Luba Tchertanov

How Metal Cations can Modulate the Hydrogen Bonding of Azide and Thiocyanate Anions

Luba Tchertanov

Institut de Chimie des Substances Naturelles, UPR 2301, CNRS, 91198 Gif-sur-Yvette, FRANCE Fax: 33-1-69-07-72-47, E-mail: Luba.Tchertanov@icsn.cnrs-gif.fr

Keywords: anion binding, azide, thiocyanate, metal coordination, hydrogen bonding, structure, the Brookhaven Protein Databank, the Cambridge Structural Database.

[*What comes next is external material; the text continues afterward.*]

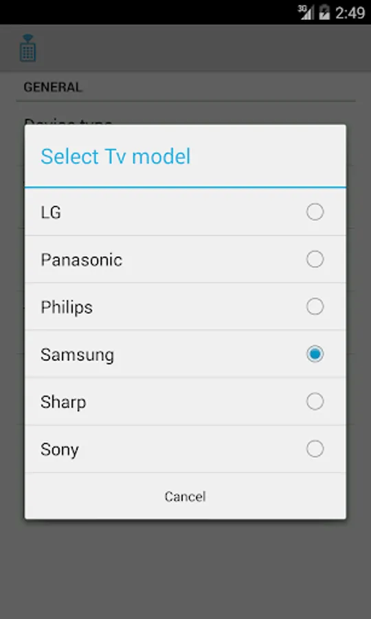 This app has been confirmed to work with Samsung Galaxy S4 to control Panasonic and Sharp TVs.
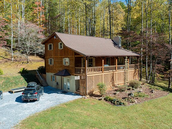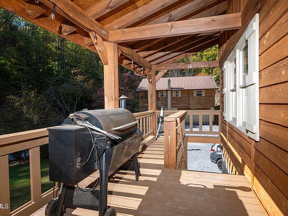 Quintessential, rustic northeast Tennessee teams up with a clean, farmhouse chic renovation at this unchallenged multi-generational property at the base of Holston Mountain. The 15.3 acre getaway is on a dead end street with nothing in sight except wildlife. The 3000 sqft primary home has undergone an complete transformation and it starts in the great room. Walls have been removed to create a true great room. Formerly exposed roof sheathing is now covered in whitewashed panels, a new stacked stone fireplace extends to the ceiling (at the base, a new wood stove) and new LVP flooring throughout the space. The kitchen features new white shaker cabinetry, quartz countertops, including the center island, stainless appliances and a decorative hood. Two main level guest bedrooms share a renovated full bathroom with a patterned tile shower and double sink quartz vanity. The entire upstairs is comprises the master suite. An open upstairs living area overlooks the exposed wooden beam and main level great room. The master bathroom is highlighted by a curved soaking tub, corner glass shower, double sink quartz vanity and shiplapped walls. The large bedroom hosts a walk-in closet with custom shelving. Downstairs features new flooring, a large wet bar that is a range away from being a kitchen, living room, office with built-ins, a large bedroom with a double closet and a another full bathroom/laundry combo. This space has another glass shower, folding counter, cabinets and double vanity. Next door, the 900 sqft1 BR/1BA guest house has an open concept floor plan with a large, vaulted living room and kitchen with wormy chestnut cabinets. The new bathroom features a tile shower and quartz vanity. Fresh paint and decor has lightened up the large bedroom. Below is a 900 sqft 2-car garage or workshop. Additional vehicle space is evident at the 4-car carport. The property also features a chicken coop, greenhouse and generator hookup. This property is an ABSOLUTE must-see

In the chemistry of life processes, anion binding plays a central role since it concerns essential aspects such as the activity of enzymes, the transport of hormones, protein synthesis and DNA regulation. There is, therefore, intensive effort being devoted to the problem of anion complexation and recognition. The examples of metalloproteins processing small inorganic anions (e.g. superoxide dismutase, carbonic anhydrase etc.) clearly show that in each case, anion recognition is guided by attraction to the metal ion and/or hydrogen-bonding interactions with the donor-groups functionality.

For several years, we have been involved in the study of complexation and molecular recognition of certain anionic groups which vary in shape, geometries and electronic properties.

The anions referred to in this study are thiocyanate SCN- and azide NNN-, potent inhibitors of many enzymes. Both exogenous ligands are small, triatomic, linear monoanions with bidentate function and offer different modes of binding by metals and/or by H-bond donor groups. The following structural aspects will be discussed :
- the hydrogen-bond acceptor function of the anions;
- the analysis of the coordination features of anions with the metals;
- study of the influence of metal complexation on the H-donor accepting properties of the anions.

Lastly, a comparison of the modes of binding of both anionic substrates will be made and the role of structural variability of the anion binding site in human carbonic anhydrase and myoglobin will be considered.

The results provide structural information of the role of anion binding in proteins and, to our knowledge, afford the first study of the binding behaviour of thiocyanate and azide. Our work is based on experimental information obtained from the Brookhaven Protein Databank (PDB), which contains crystal structures of biological macromolecules and the Cambridge Structural Database (CSD), which contains organic and organometallic crystal structures.

Related literature:

L. Chertanova & C. Pascard, ACTA CRYST., Section B. Structural Science (1996) B52, pp. 677-684;
L. Tchertanov & C. Pascard, ACTA CRYST., Section B. Structural Science (1996) B52, pp. 685-690;
L. Tchertanov & C. Pascard, ACTA CRYST., Section B. Structural Science (1997) B53, pp. 904-915.